NASHVILLE, Tenn. (AP) Kenny Britt thinks the Titans could have thrown more passes deep. Tight end Jared Cook reportedly is upset enough that he wants a trade.

And Tennessee only had 10 defenders on the field not once, but twice, while giving up the tying touchdown drive.

The Titans are not happy, and coach Mike Munchak hopes they're all frustrated at being 3-5 after a 19-13 overtime loss to Indianapolis because they all can do more.

``You're 3-5, that's not good enough, and that includes every one of us,'' Munchak said. ``Frustration, it means work your way through it, and let's find a way to turn this around and get to 5-5. So I think that's more where the frustration should be used. Find a way to become a better player and a better team.''

Munchak also downplayed the report of Cook wanting a trade, saying he didn't know anything about it and wouldn't comment. He noted Cook is their second-leading receiver, tied with Nate Washington with 28 catches, and someone they need to win.

``This is not the time for those things,'' Munchak said.

With nine AFC teams between 4-3 and 3-5 not counting division leaders, the Titans still have hope at the midpoint of the season. But they must fix their struggling defense that not even a two-game winning streak could disguise. They are young and have a no margin for error.

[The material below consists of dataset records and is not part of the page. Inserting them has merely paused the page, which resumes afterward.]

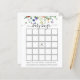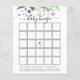 野生の花と緑の水色のカスケードを特徴とする赤ちゃんシャワービンゴカード。おもしろいでシャワーを浴びながらプレゼントを開く方法。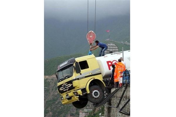 Artvin'de kayan mazot yüklü tanker, yaklaşık 15 metre yüksekliğindeki istinat duvarı üzerinde durabilmiş, vinçle yaklaşık 5 saat süren çalışma sonucu kurtarılmıştı. 03/06/2013
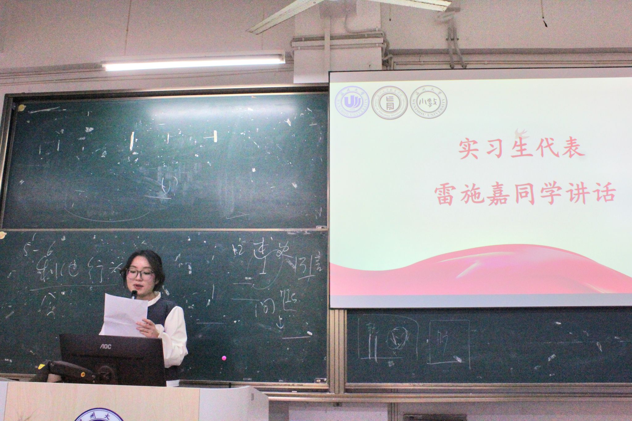 雷施嘉同学代表学生发言。她倡议,同学们需要通过亲身实践,在实践中学习,检验自身基础理论和基本知识的能力。同学们将在见习期间严格遵守财神捕鱼 规章制度,积极聆听观摩课,及时完成见习记录和心得体会。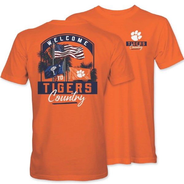 Clemson Tigers Country design on a ORANGE short sleeve T-shirt. Design has large print on back and small front left chest. Available sizes are ADULT SM-2X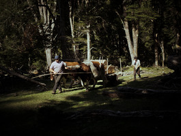 CHILE. 2019. Ernesto and Horaldo finally arrive at the small open side of the woods where the house is being built. They have been working for almost a year and the house should be delivered before the beginning of the winter time (June in the Southern hemisphere). Every single part of the house was brought with the oxes except for the wood that was taken from the surroundings forest.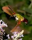 ![]() Hemaris diffinis, the snowberry clearwing. Adult pictured. |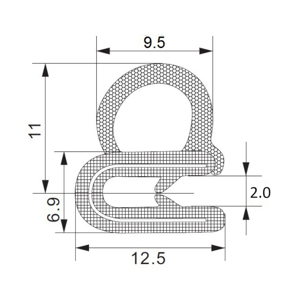 Уплотнитель идеально подходит для толщины металла: 1-2 мм. Температура использования: от -40 до +80 °С.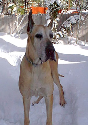 | Bred once to Ch OurDane's Fabulous Fabio, Ellie produced Ch McEmn-Anjari's Ma Belle and Ch McM-Anj Eleanor's Roosevelt (Franklyn). Ellie's dam is McEmn's Emily the Sequel (12 pts, 1 major); her sire is McEmn's Raisin' Cain. |

The Titans had just 10 defenders on the field during the Colts' 80-yard drive to tie it at 13 with 3:24 left. Munchak noticed the problem on fourth-and-1 at the Titans 8 and couldn't get a timeout called before they gave up a 7-yard run. The coach said it happened a second time during that drive, too.

Asked if that was something the players should have noticed first, Munchak said, ``You would hope so.''

The Titans ran only 59 offensive plays. The Colts had 76 and rolled up 457 yards counting the 80-yard drive for the winning TD in overtime. But Tennessee won its previous two games by making key plays late, and thought it recovered a fumble to set up a winning field goal with 26 seconds left in regulation Sunday.

Officials called forward progress being stopped on Dwayne Allen when Colin McCarthy was tackling him, even though the Allen had not gone backward when linebacker Akeem Ayers stripped the ball. Titans cornerback Alterraun Verner recovered at the Indianapolis 28, and Tennessee started celebrating.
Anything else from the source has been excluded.